### What is expected
Take the line that contains "-Kurta in Crimson" and every line below it to the end of the entries, and give them again exactly, leaving out any pictures.

=== Records ===

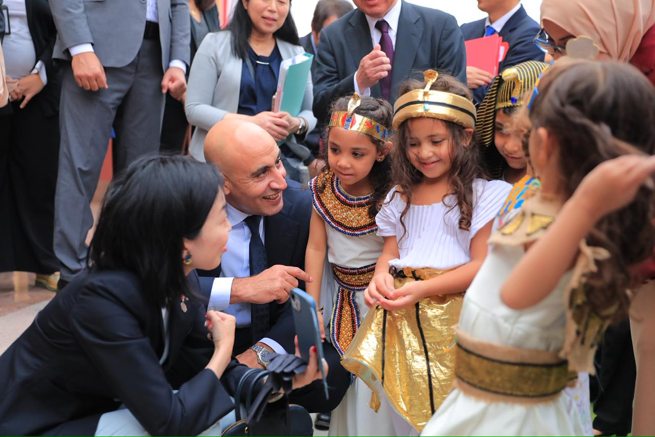 كما التقط الوزير محمد عبد اللطيف والأميرة أكيكو ورئيس الجايكا والسفير الياباني صورًا تذكارية مع الطلاب الذين ارتدوا الزي الفرعوني، وأعضاء الوفد الياباني وأعضاء هيئة التدريس وإدارة المدرسة، وسط أجواء مفعمة بالود والإعجاب بالتجربة التعليمية المشتركة.
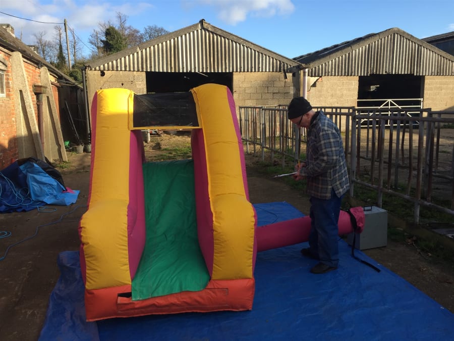 Here are a few photos we took of just some of our inflatables going through their annual test. It was a cold day, full of hard work. However, the these photos should provide some peace of mind and assure our customers that we don't just talk about safety, paying it lip service, we actually believe in it and do what we say.
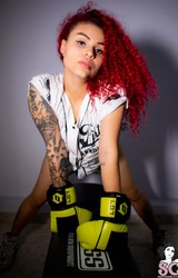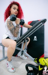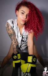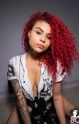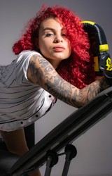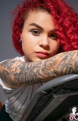 Niki, una sexy ragazza tatuata dai capelli rossi ricci, si spoglia nuda
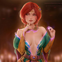 Triss Merigold from the "The Witcher" series, which is based on the book series "The Witcher" by Andrzej Sapkowski. The character depicted has striking
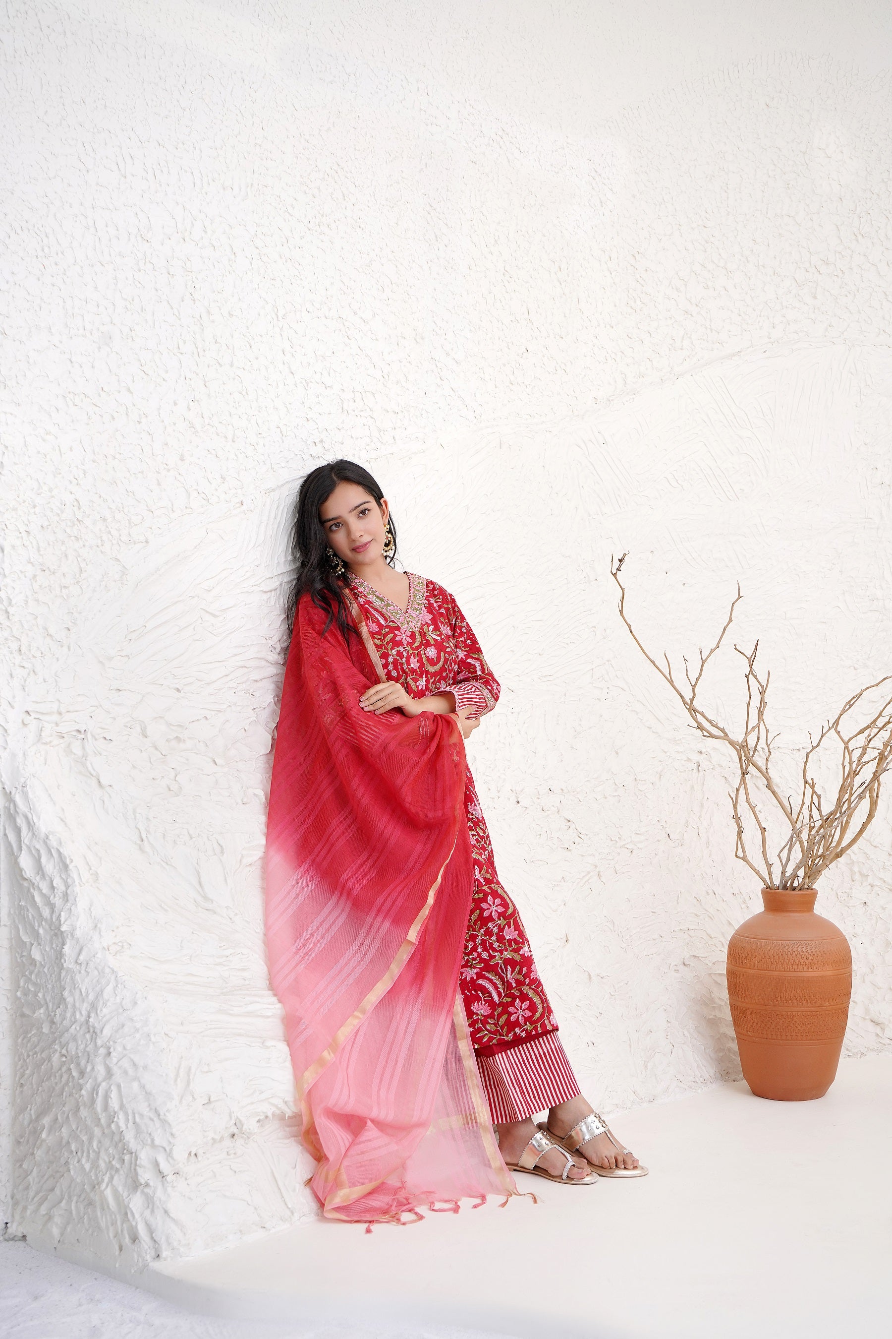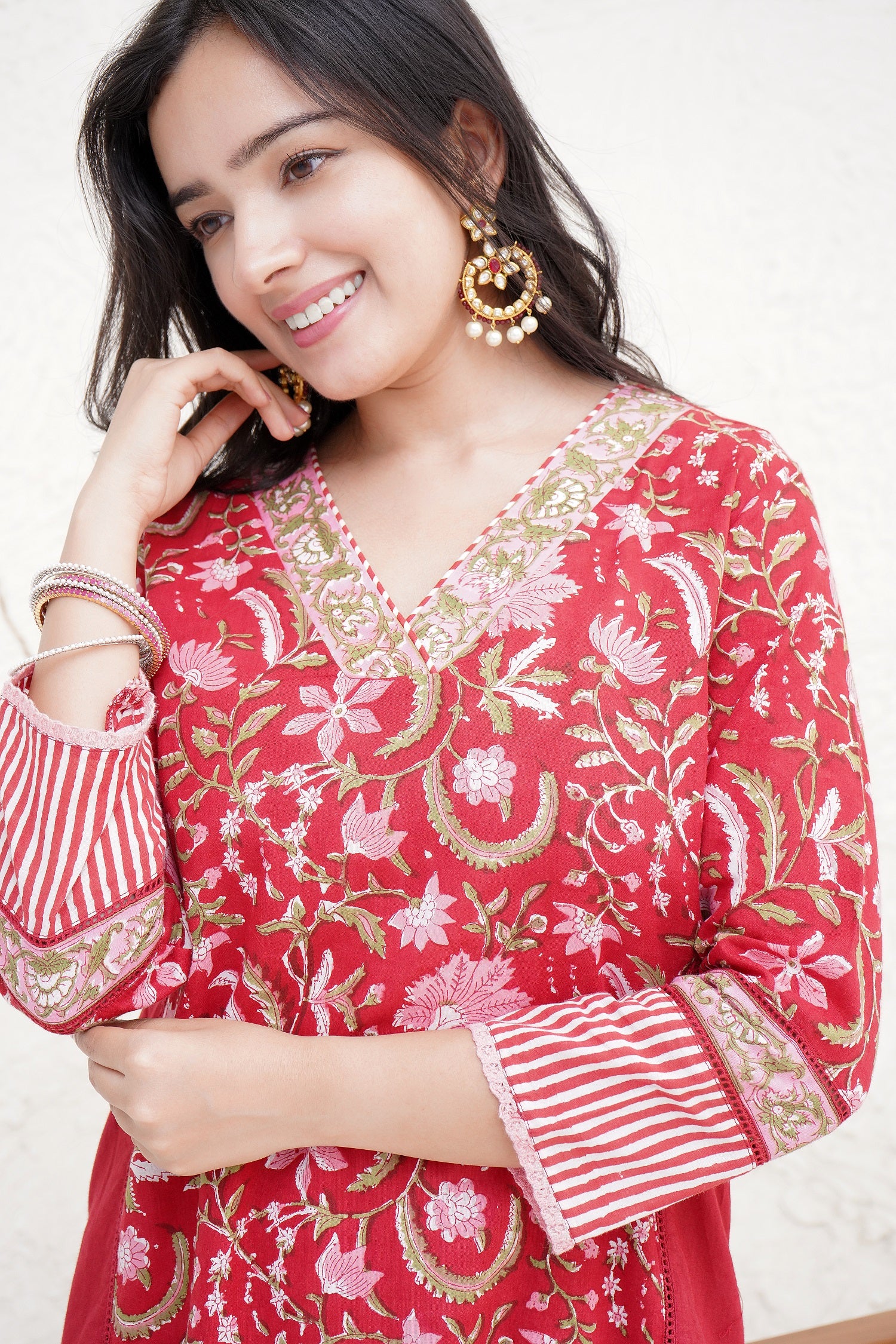 -Kurta in Crimson Red and Carnation Pink Hand Block Printed Cotton Fabric with side panels and slits adding movement.
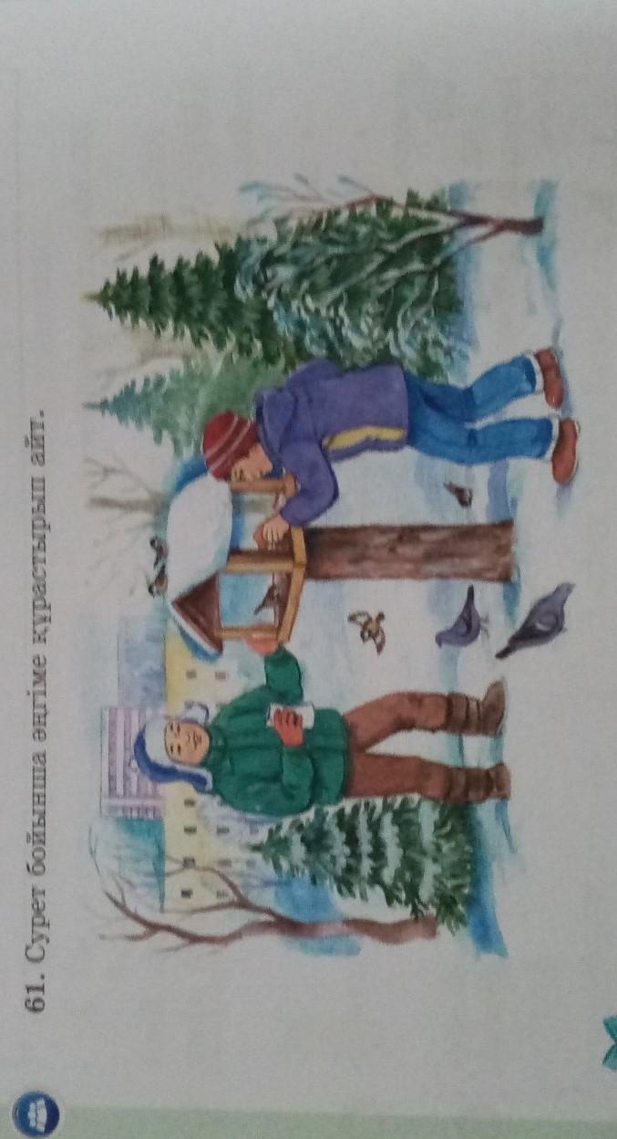 Қыс келді.Марат пен Алмас жан-жануарларға көмектесу керектігін ойлады. Сөйтіп олар құстарға ұя жасап,жем берді.Құстар оларға риза болды.Құстар ризалығын білдіру үшін Алмас пен Маратқа ылғый келіп тұрды

===

### Exercise answer
 -Kurta in Crimson Red and Carnation Pink Hand Block Printed Cotton Fabric with side panels and slits adding movement.
 Қыс келді.Марат пен Алмас жан-жануарларға көмектесу керектігін ойлады. Сөйтіп олар құстарға ұя жасап,жем берді.Құстар оларға риза болды.Құстар ризалығын білдіру үшін Алмас пен Маратқа ылғый келіп тұрды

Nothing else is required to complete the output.